Records excerpted from a collection
▬▬▬▬▬▬

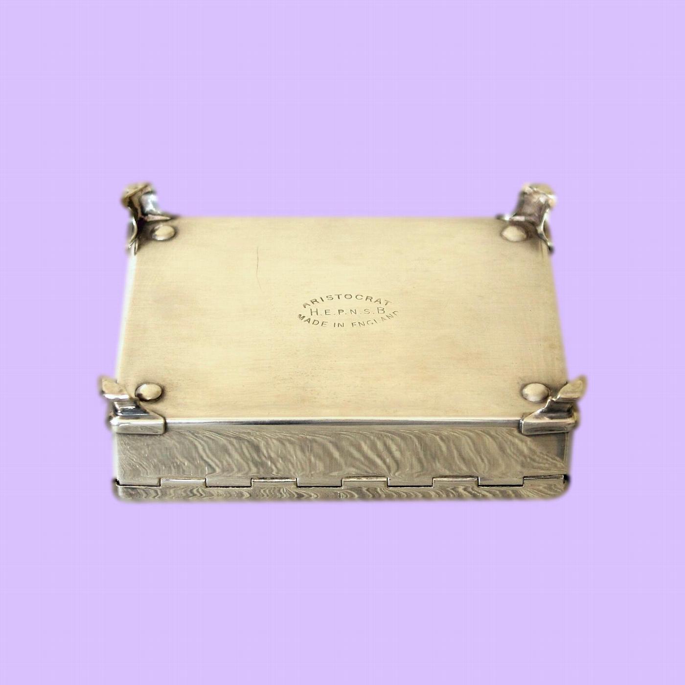 The bottom of the box is stamped ARISTOCRAT (the maker), H.E.P.N.S.B (with EPNS being the abbreviation for Electroplated Nickel Silver) and MADE IN ENGLAND.
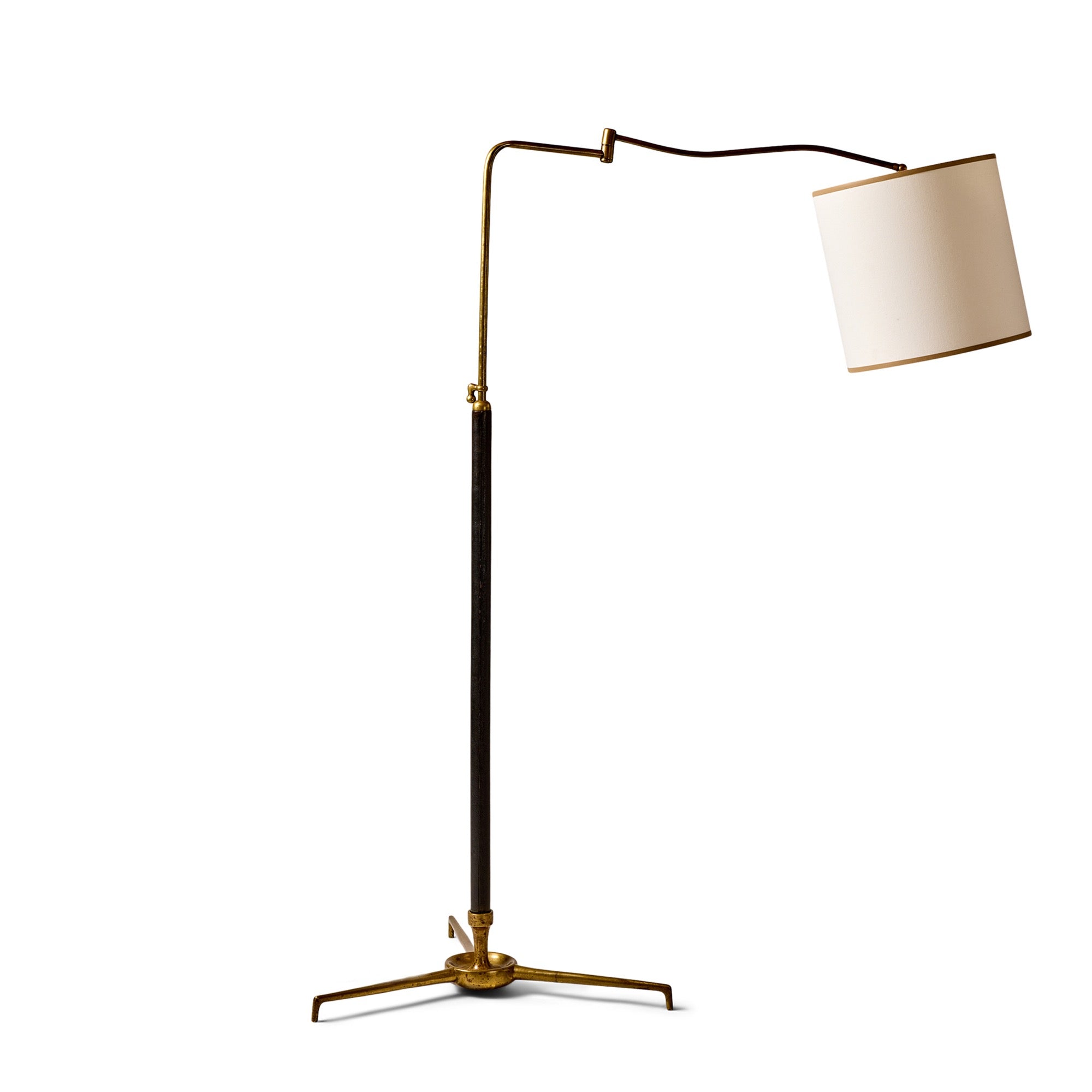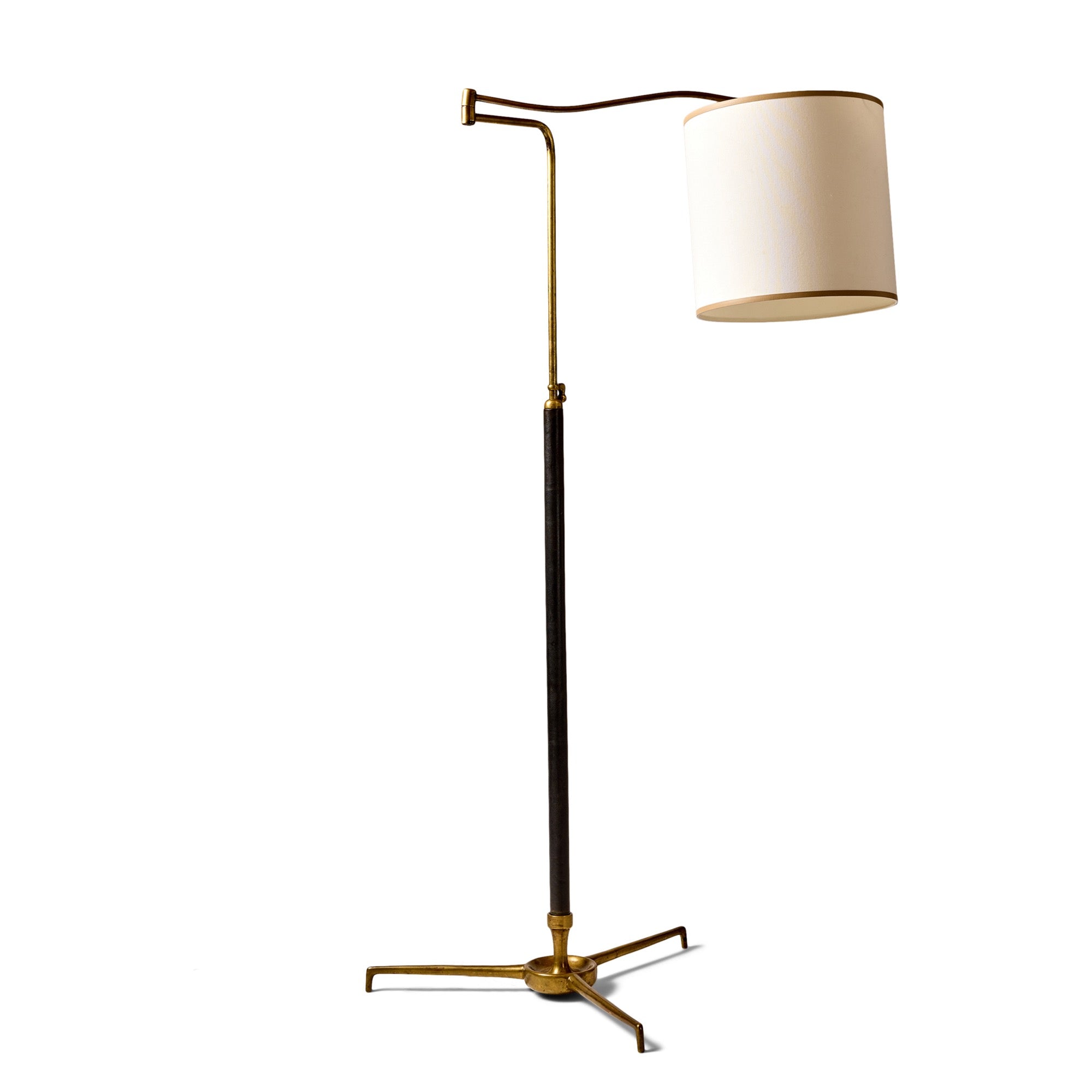 A swing arm floor lamp having a patinated bronze tripod base and a leather-wrapped stem.
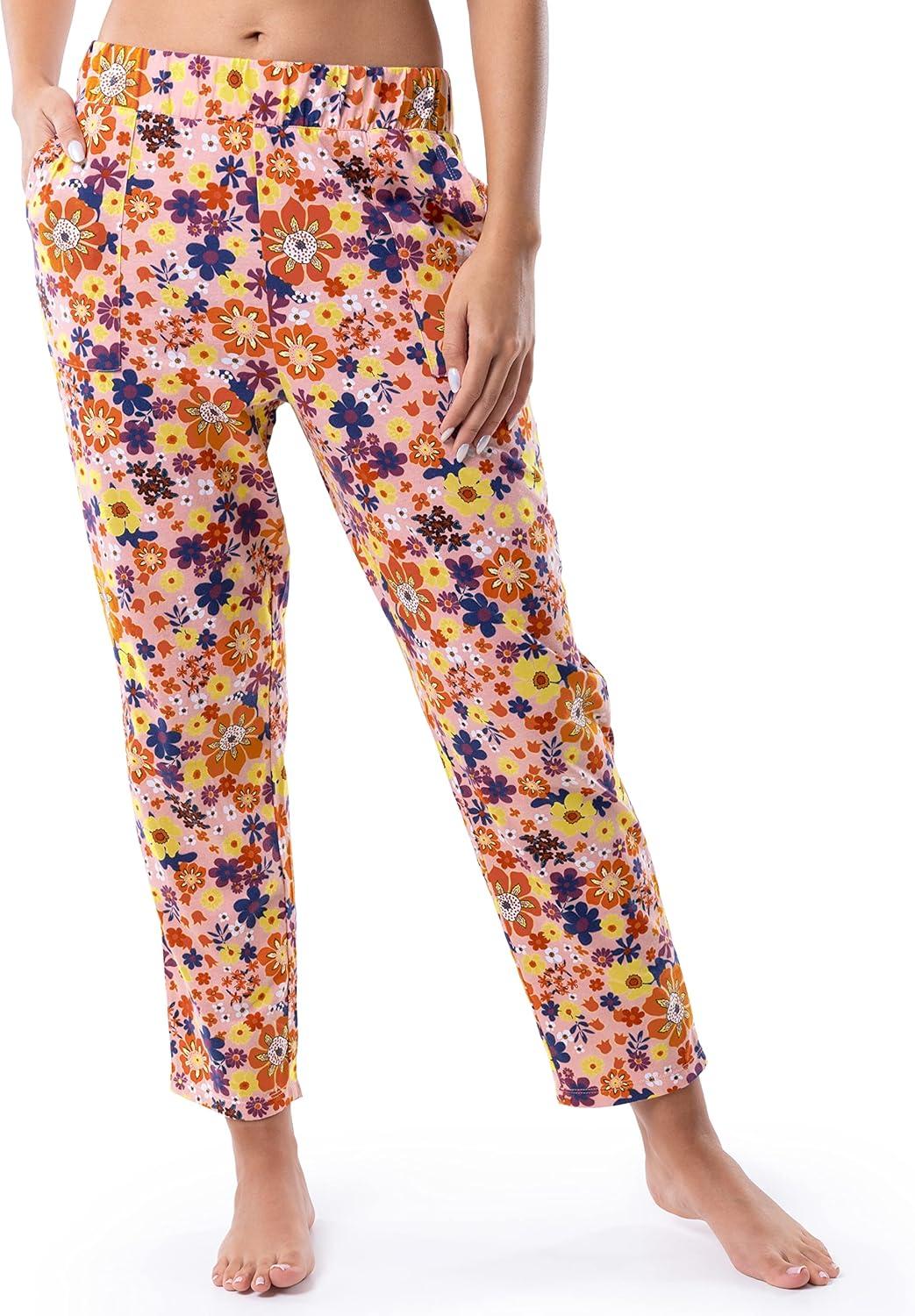 Wrangler Women’s V-Neck Short Sleeve Graphic Tee and Printed Pants Pajama Sleep Set(Rose/Floral)
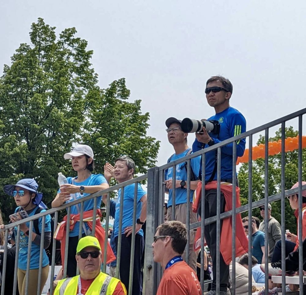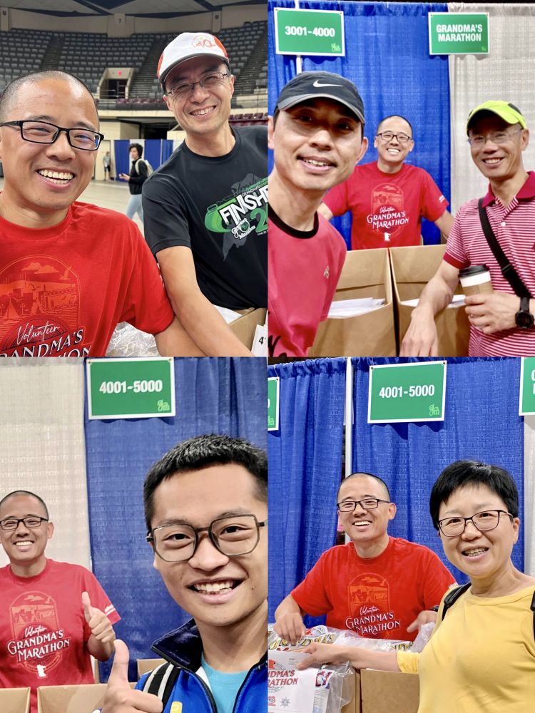 照片4: 此行非常感谢雪狼参赛的跑友、摄影师和啦啦队,特别是谢谢今年1月来跑休斯顿马拉松认识的雪狼跑友张震拉我入了雪狼老奶奶马拉松群;他不仅在赛道做摄影师,而且周五做了一整天放发参赛package的志愿者。照片4是张震与领package的一部分雪狼参赛者的合影,从左至右和从上至下分别是Kan (老大)、Debin、Yongcong(丁队)、Youchi、和Yuqing(任教授)。
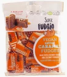 Super fudgio er en serie super gode veganske, glutenfrie, melkefrie og økologiske myke karameller. De er søtet med kokosblomstsukker som er en søtning som inneholder mineraler, har lav glykemisk indeks og er gunstig for tarmen. Super Fudgio karameller har få og kun naturlige ingredienser, dvs ingen kunstige farger eller smakstilsetninger.

▬▬▬▬▬▬

» **What is required**
Retype the entries exactly, skipping every picture.

» **Response box**
 The bottom of the box is stamped ARISTOCRAT (the maker), H.E.P.N.S.B (with EPNS being the abbreviation for Electroplated Nickel Silver) and MADE IN ENGLAND.
 A swing arm floor lamp having a patinated bronze tripod base and a leather-wrapped stem.
 Wrangler Women’s V-Neck Short Sleeve Graphic Tee and Printed Pants Pajama Sleep Set(Rose/Floral)
 照片4: 此行非常感谢雪狼参赛的跑友、摄影师和啦啦队,特别是谢谢今年1月来跑休斯顿马拉松认识的雪狼跑友张震拉我入了雪狼老奶奶马拉松群;他不仅在赛道做摄影师,而且周五做了一整天放发参赛package的志愿者。照片4是张震与领package的一部分雪狼参赛者的合影,从左至右和从上至下分别是Kan (老大)、Debin、Yongcong(丁队)、Youchi、和Yuqing(任教授)。
 Super fudgio er en serie super gode veganske, glutenfrie, melkefrie og økologiske myke karameller. De er søtet med kokosblomstsukker som er en søtning som inneholder mineraler, har lav glykemisk indeks og er gunstig for tarmen. Super Fudgio karameller har få og kun naturlige ingredienser, dvs ingen kunstige farger eller smakstilsetninger.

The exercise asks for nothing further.